To evaluate the role of pre-transplant reflux testing in the evaluation of lung transplant candidates with CF.
This was a retrospective study from 2007-2019 at a tertiary medical center that included all patients with CF undergoing lung transplant. Patients with pre-transplant anti-reflux surgery were excluded. Baseline characteristics (age at transplantation, gender, race, body mass index), self-reported GER symptoms prior to transplantation, and pre-transplant cardiopulmonary testing results, were recorded. Reflux testing consisted of either 24-h pH- or combined multichannel intraluminal impedance and pH monitoring. Post-transplant care included a standard immunosuppressive regimen, and regular surveillance bronchoscopy and pulmonary spirometry in accordance with institutional practice as well as in symptomatic patients. The primary outcome of chronic lung allograft dysfunction (CLAD) was defined clinically and histologically per International Society of Heart and Lung Transplantation criteria. Statistical analysis was performed with Fisher’s exact test to assess differences between cohorts, and time-to-event Cox proportional hazards modeling.

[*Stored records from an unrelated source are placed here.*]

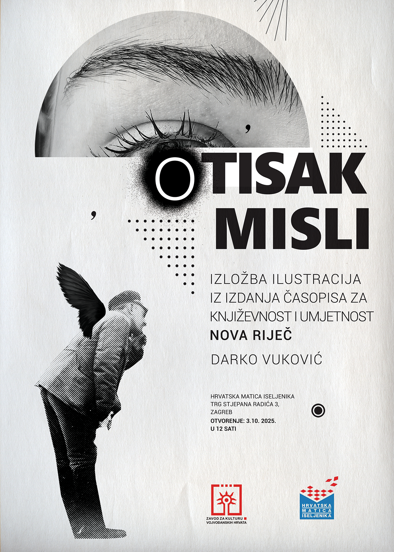 Zavod za kulturu vojvođanskih Hrvata u suradnji s Hrvatskom maticom iseljenika priređuje izložbu grafičkih radova novosadskog dizajnera Darka Vukovića pod nazivom Otisak misli.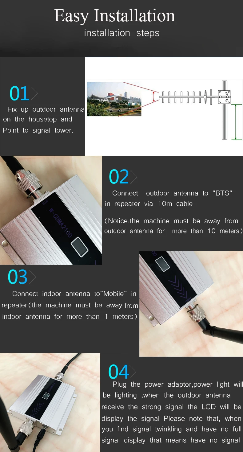 Усилитель работает, покупал для усиления сигнала в подвальном помещении. Сделан аккуратно и качественно. Заказывал с российского склада, но там товар закончился и продавец отправил его из Китая, компенсировал задержку кабелем 15 метров вместо 10метров- это ОК! А вот с упаковкой- беда. Коробка приехала сильно помятая, детали усилителя в коробке болтались ни чем не переложенные и не закрепленные. Считаю, повезло, что все работает. Продавцу надо этот момент доработать!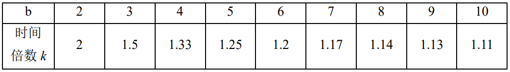 也就是说,在一个满的b叉树上做搜索的话,迭代加深式宽度优先搜索算法产生的节点数小于宽度优先搜索算法产生的节点数的 b/(b-1) 倍。分支数越大,二者所用时间越接近。表3.4给出了不同b值时所用时间比k,当b=2时k值最大为2。也就是说,迭代加深式宽度优先搜索算法所用时间不会超过宽度优先搜索算法所用时间的2倍。当然这是在满的b叉树上做搜索得到的结论,实际情况可能会有些不同,但大体上差不多是这个结论。

After applying inclusion and exclusion criteria, a total of 60 patients were included in the study. Among all CF patients, 41 (68.3%) completed reflux monitoring as part of pre-lung transplant evaluation. Objective evidence of pathologic reflux, defined as acid exposure time > 4%, was found in 24 subjects, representing 58% of the tested group. CF patients with pre-transplant reflux testing were older (35.8 vs 30.1 years, P = 0.01) and more commonly reported typical esophageal reflux symptoms (53.7% vs 26.3%, P = 0.06) compared to those without reflux testing. Other patient demographics and baseline cardiopulmonary function did not significantly differ between CF subjects with and without pre-transplant reflux testing. Patients with CF were less likely to undergo pre-transplant reflux testing compared to other pulmonary diagnoses (68% vs 85%, P = 0.003). There was a decreased risk of CLAD in patients with CF who underwent reflux testing compared to those who did not, after controlling for confounders (Cox Hazard Ratio 0.26; 95%CI: 0.08-0.92).
Pre-transplant reflux testing revealed high prevalence of pathologic reflux in CF patients and was associated with decreased risk of CLAD. Systematic reflux testing may enhance outcomes in this patient population.

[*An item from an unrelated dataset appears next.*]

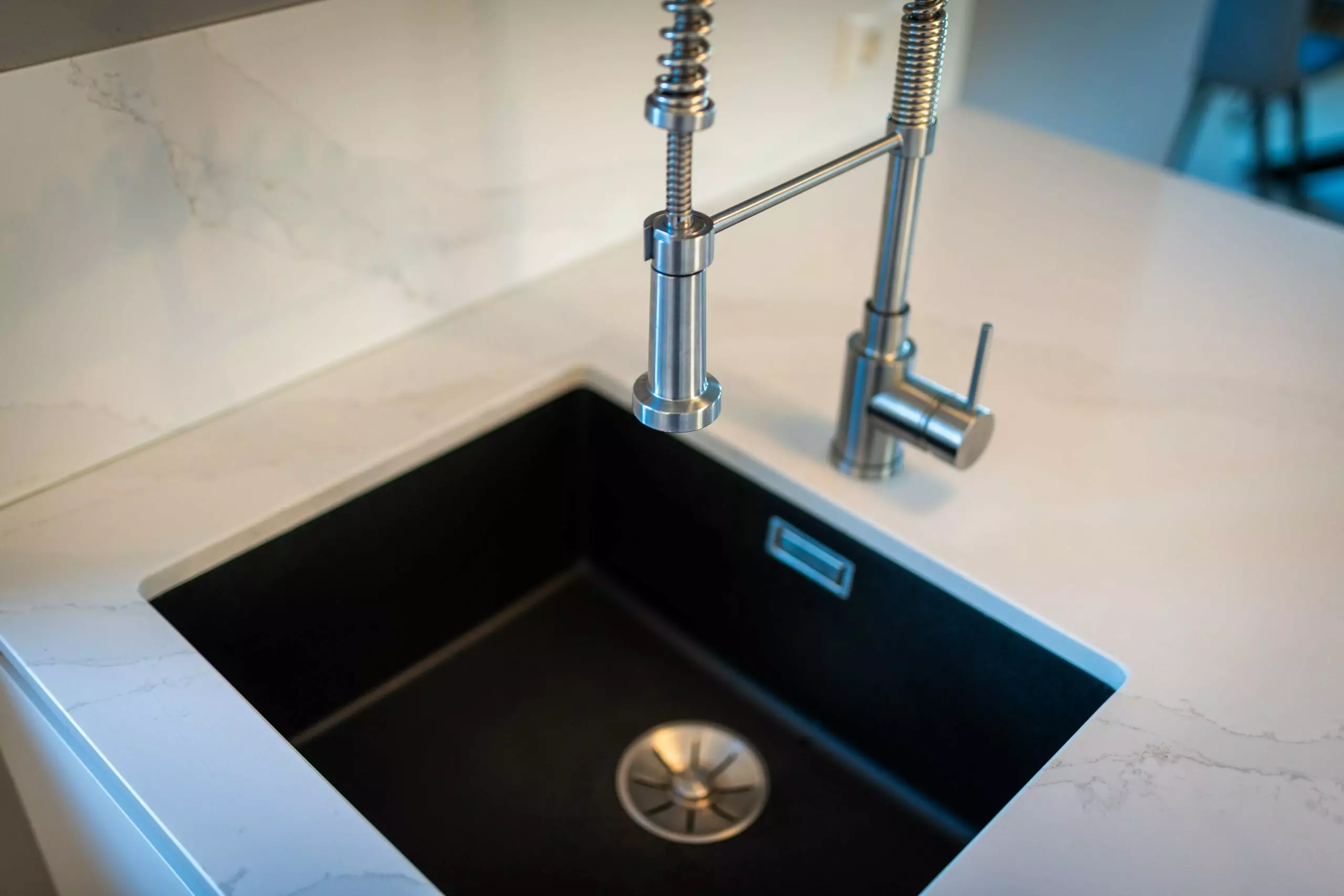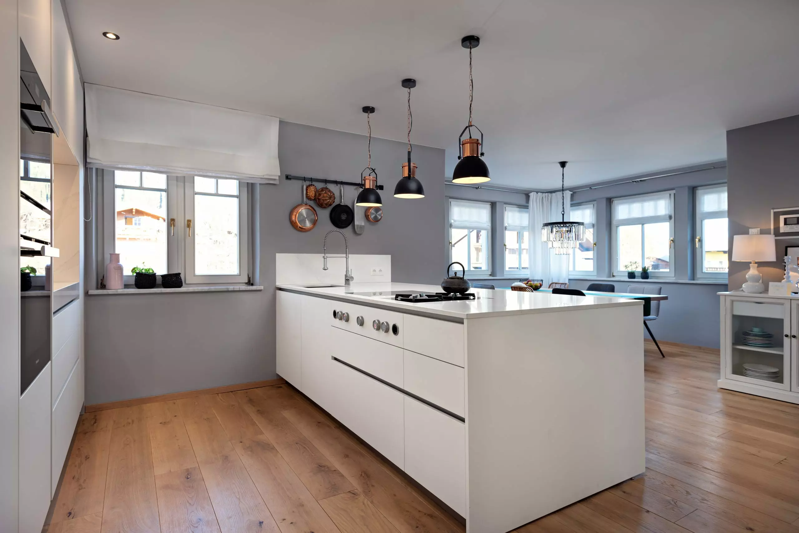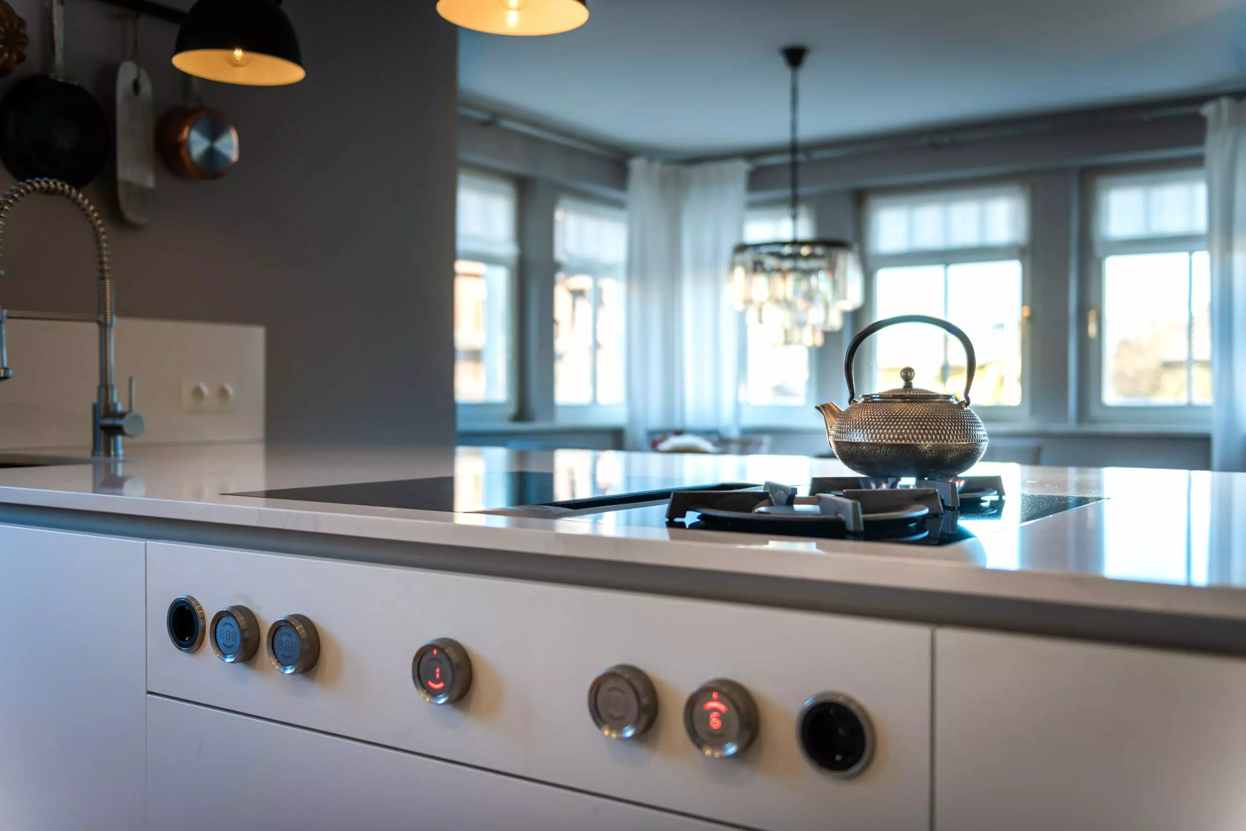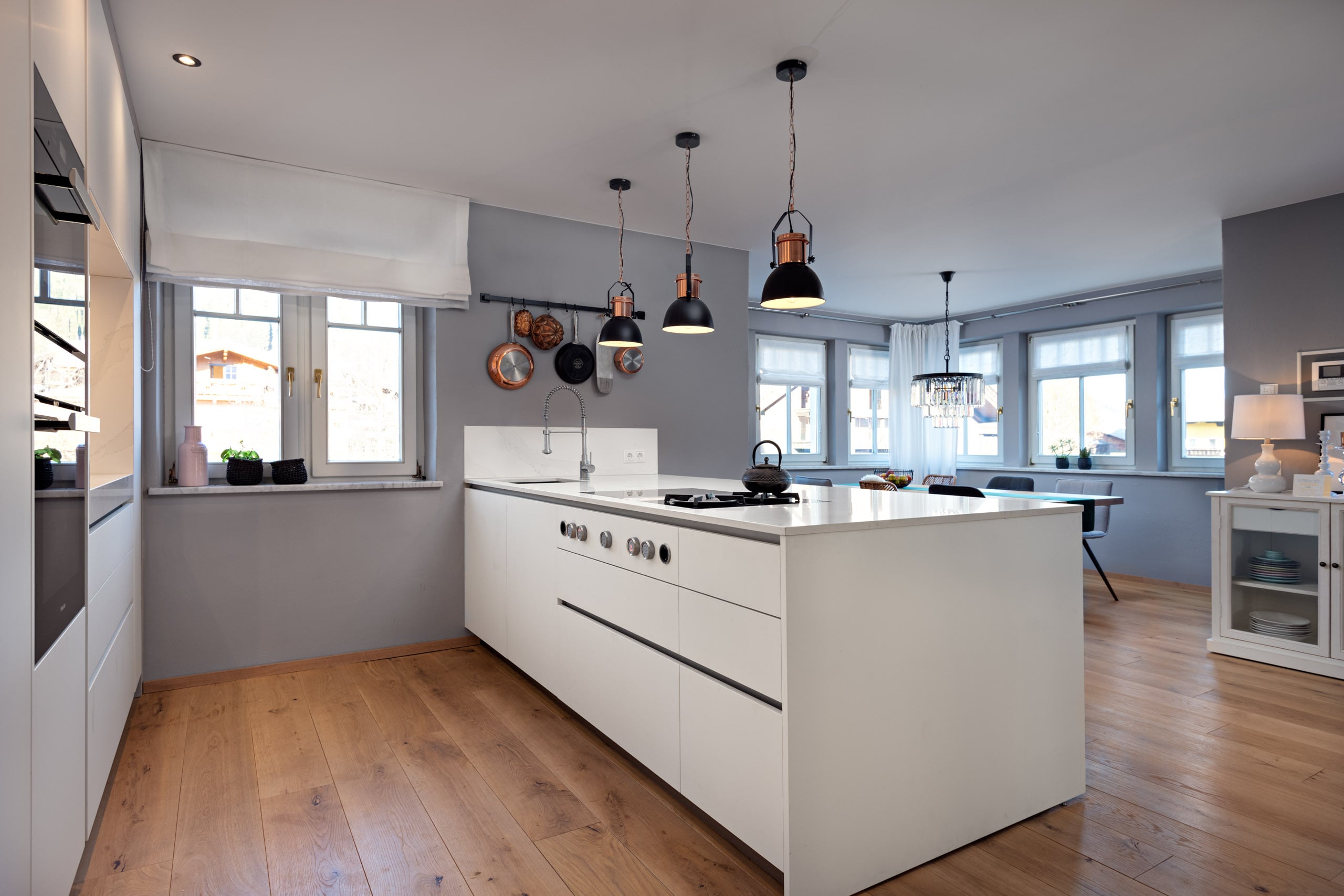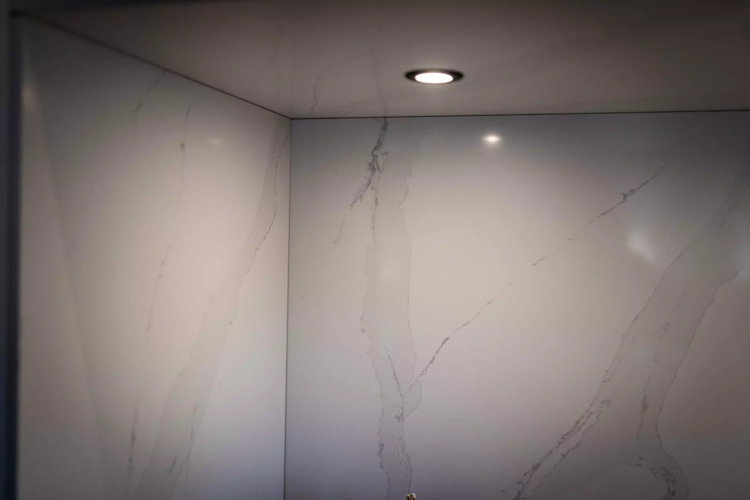 Die Front in Fenix Laminat superwhite in kombination mit der Arbeitsplatte aus Silestone Calacatta

Core Tip: This study found that objective evidence of gastroesophageal reflux disease was present in > 50% of lung transplant candidates with cystic fibrosis (CF). However, CF patients were less likely than those with other pulmonary diagnoses to undergo pre-transplantation reflux testing. CF patients who underwent objective reflux testing were less likely to develop chronic lung allograft dysfunction, as those tested positive were more likely to undergo anti-reflux surgery. Our findings provided evidence for the association of routine peri-transplant reflux testing with improved lung transplant outcomes in CF patients, and the importance of timely identification of reflux to allow early intervention.
- Citation: Lo WK, Flanagan R, Sharma N, Goldberg HJ, Chan WW. Pre-Lung transplant reflux testing demonstrates high prevalence of gastroesophageal reflux in cystic fibrosis and reduces chronic rejection risk. World J Transplant 2023; 13(4): 138-146
- URL: https://www.wjgnet.com/2220-3230/full/v13/i4/138.htm
- DOI: https://dx.doi.org/10.5500/wjt.v13.i4.138
Gastroesophageal reflux (GER) has been associated with poor outcomes after lung transplantation including early rehospitalization[1], early allograft injury[2], and chronic allograft rejection[3]. The proposed mechanism for this involves the increased risk of post-transplant aspiration, which may lead to an inflammatory cascade resulting in recurrent allograft injury and ultimately rejection. GER has been recognized as a common condition associated with cystic fibrosis (CF), with a reported prevalence of 67%-90% in adult CF patients[4-8]. Since CF is a common indication for lung transplantation, the detection and treatment of GER in this population may potentially reduce multiple preventable post-lung transplant complications[9].
Unfortunately, despite the high prevalence of GER in CF patients and the association between GER and worse lung transplant outcomes, the testing and management of GER in these patients remain inconsistent across lung transplant centers. For instance, some centers have selectively pursued objective GER testing and treatment in patients with restrictive lung disorders such as idiopathic pulmonary fibrosis (IPF) rather than all chronic lung diseases, likely due to a correlation between GER and IPF in several early studies[10-13]. However, the factors that influence whether patients with CF undergo testing for GER prior to lung transplant are unknown. Additionally, the long-term outcomes and effects of pre-lung transplant GER testing and management for patients with CF have not been evaluated.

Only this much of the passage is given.